Personal information
- Born: April 8, 1959 (age 67) Washington, D.C., U.S.
- Listed height: 6 ft 5 in (1.96 m)
- Listed weight: 205 lb (93 kg)

Career information
- High school: Mackin (Washington, D.C.)
- College: TCU (1978–1979); American (1980–1983);
- NBA draft: 1983: 4th round, 88th overall pick
- Drafted by: Milwaukee Bucks
- Position: Shooting guard

Career highlights
- 2× AP Honorable mention All-American (1982, 1983); ECC Co-Player of the Year (1982); 2× First-team All-ECC (1982, 1983);
- Stats at Basketball Reference

= Mark Nickens =

American basketball player

Mark G. Nickens (born April 8, 1959) is an American former basketball player.
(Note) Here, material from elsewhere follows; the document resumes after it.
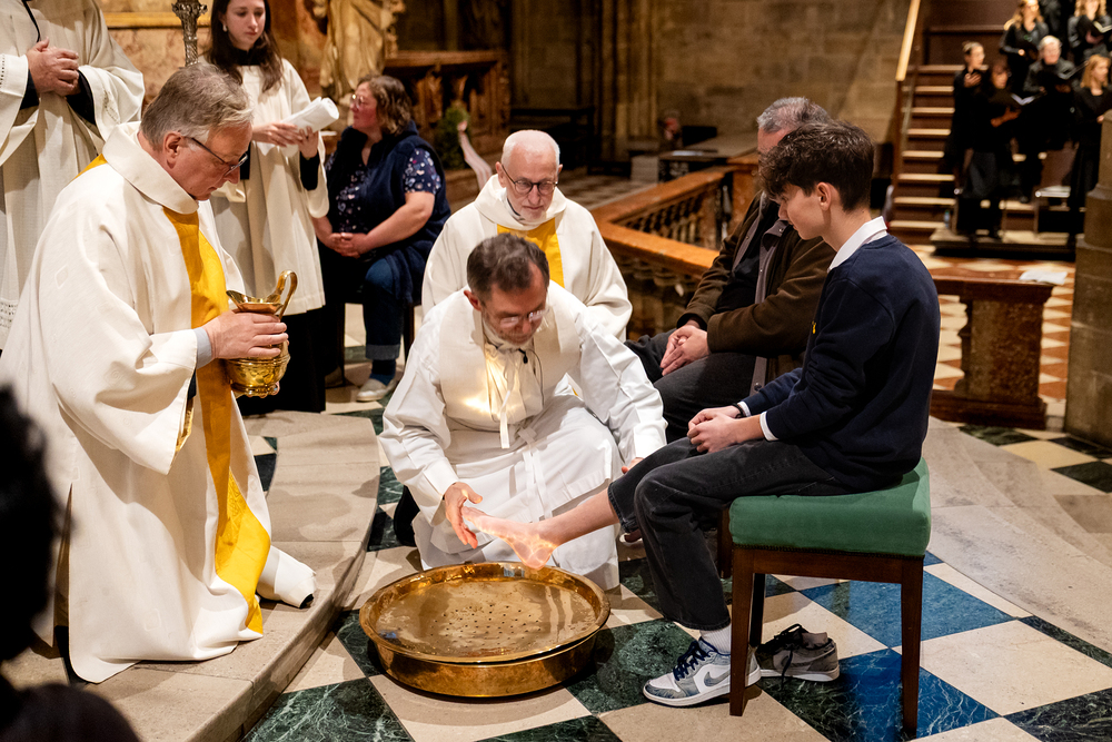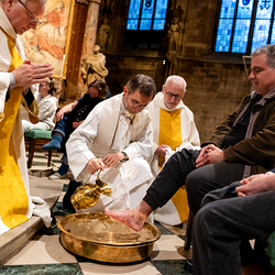 Die Geschichte vom Gründonnerstag sei eine hochaktuelle, erklärt Pater Jörg Thiemann CMM: "Am Gründonnerstag dürfen wir uns daran erinnern, dass Jesus auch uns die Füße wäscht. Das Waschen der Füße ist ein Symbol für den Dienst Jesu an uns. Jesus vergibt auch uns die Sünden. Wenn Jesus seinen Jüngern die Füße wäscht, auch dem Judas, dann zeigt er: Niemanden schließt er von seiner Liebe aus. Wir sind aufgefordert, genau so zu handeln. Jesus sagte: 'Wenn nun schon ich euer Meister und Herr euch die Füße wasche, dann müsst auch ihr einander die Füße waschen", erklärt Pater Thiemann die Symbolik der Fußwaschung am Gründonnerstag. Die Fußwaschung wird heute in allen Bischofskirchen durchgeführt, wo der Bischof zwölf ausgewählten Personen die Füße wäscht.

In college, he competed for TCU and American. He was a two-time honorable mention All-American and the co-East Coast Conference Player of the Year in 1982.

==Playing career==
Nickens grew up in Washington, D.C., and attended Mackin High School. In college, he spent his freshman season playing for TCU, appearing in 22 games while averaging 8.9 points per game. The fit was not right, so Nickens transferred to his home city's American University. He had to redshirt a season, then spent his final three years of eligibility playing for the Eagles. Nickens began as the sixth man, but due to an injury to star player Boo Bowers, Nickens was elevated to a starting role and never looked back. In his junior and senior seasons he was named first-team All-East Coast Conference (ECC). As a junior in 1981–82 he averaged 19.2 points, 5.0 rebounds, and 2.5 steals per game while leading American to a 21–9 overall record. Nickens shared the ECC Player of the Year honor with Temple's Granger Hall. Nickens was also named by the Associated Press an honorable mention All-American in both his junior and senior years.

After his collegiate career ended, Nickens was selected in the ensuing 1983 NBA draft by the Milwaukee Bucks in the fourth round (88th overall). He was waived in September prior to the start of the regular season and never appeared in an NBA game.